→ **INFORMATION SHOWN**:
● ● ● ● ● ● ●

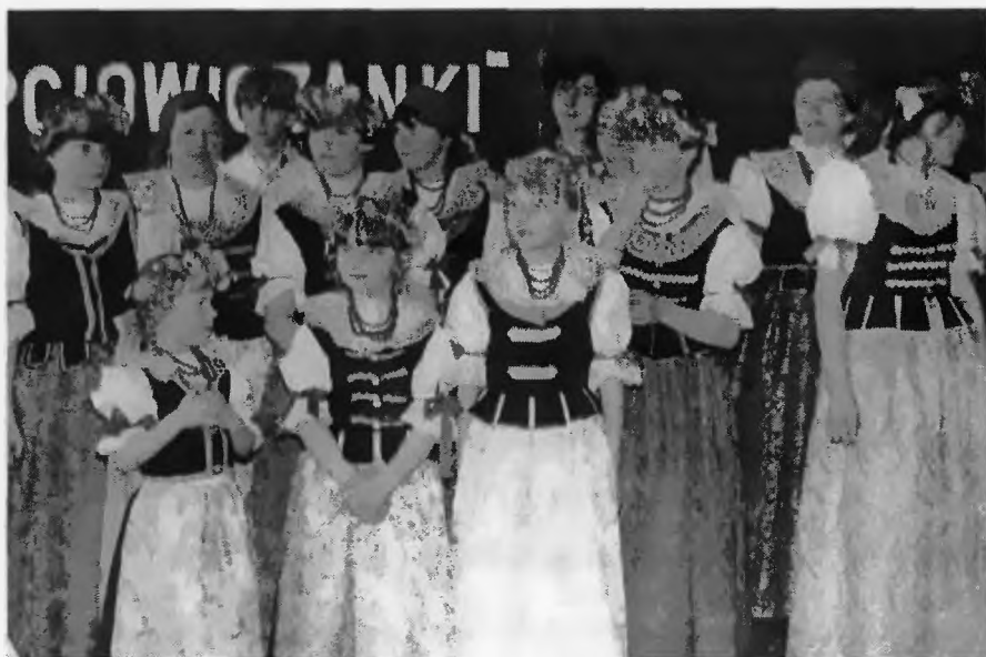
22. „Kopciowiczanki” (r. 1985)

● ● ● ● ● ● ●

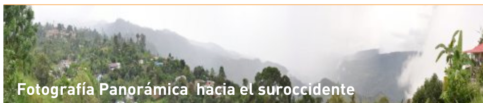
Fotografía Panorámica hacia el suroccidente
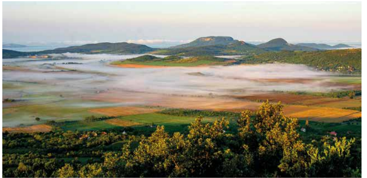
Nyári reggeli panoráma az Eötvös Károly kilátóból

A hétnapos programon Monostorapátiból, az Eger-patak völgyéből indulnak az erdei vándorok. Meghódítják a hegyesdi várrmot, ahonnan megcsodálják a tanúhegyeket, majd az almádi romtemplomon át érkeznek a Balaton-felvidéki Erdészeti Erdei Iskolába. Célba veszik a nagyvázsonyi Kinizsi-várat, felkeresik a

● ● ● ● ● ● ●

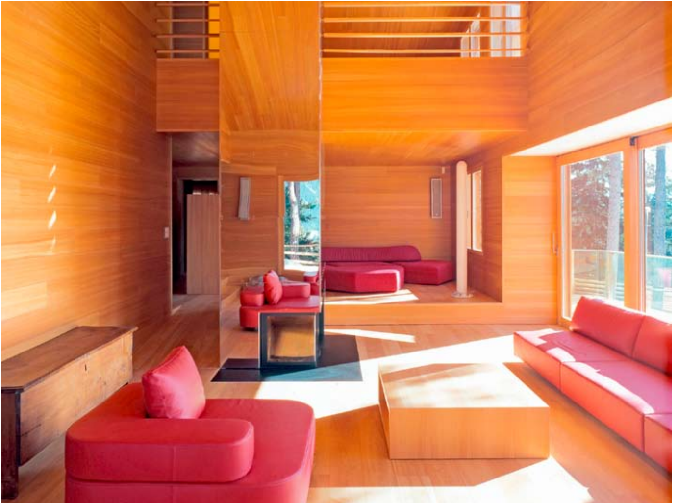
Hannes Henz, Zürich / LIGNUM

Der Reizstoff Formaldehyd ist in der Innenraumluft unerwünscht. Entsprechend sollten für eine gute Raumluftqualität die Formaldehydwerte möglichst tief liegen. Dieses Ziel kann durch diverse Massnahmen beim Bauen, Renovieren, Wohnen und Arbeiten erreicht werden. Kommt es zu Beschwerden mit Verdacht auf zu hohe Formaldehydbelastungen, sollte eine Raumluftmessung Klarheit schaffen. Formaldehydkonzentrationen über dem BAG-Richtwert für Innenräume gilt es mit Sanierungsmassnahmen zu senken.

● ● ● ● ● ● ●

→ **EXERCISE**:
Look in the material above for the line with "Nyári reggeli panoráma" and the line with "A hétnapos programon", and transcribe exactly those lines and all lines between them, nothing more.

→ **WRITTEN REPLY**:
Nyári reggeli panoráma az Eötvös Károly kilátóból

A hétnapos programon Monostorapátiból, az Eger-patak völgyéből indulnak az erdei vándorok. Meghódítják a hegyesdi várrmot, ahonnan megcsodálják a tanúhegyeket, majd az almádi romtemplomon át érkeznek a Balaton-felvidéki Erdészeti Erdei Iskolába. Célba veszik a nagyvázsonyi Kinizsi-várat, felkeresik a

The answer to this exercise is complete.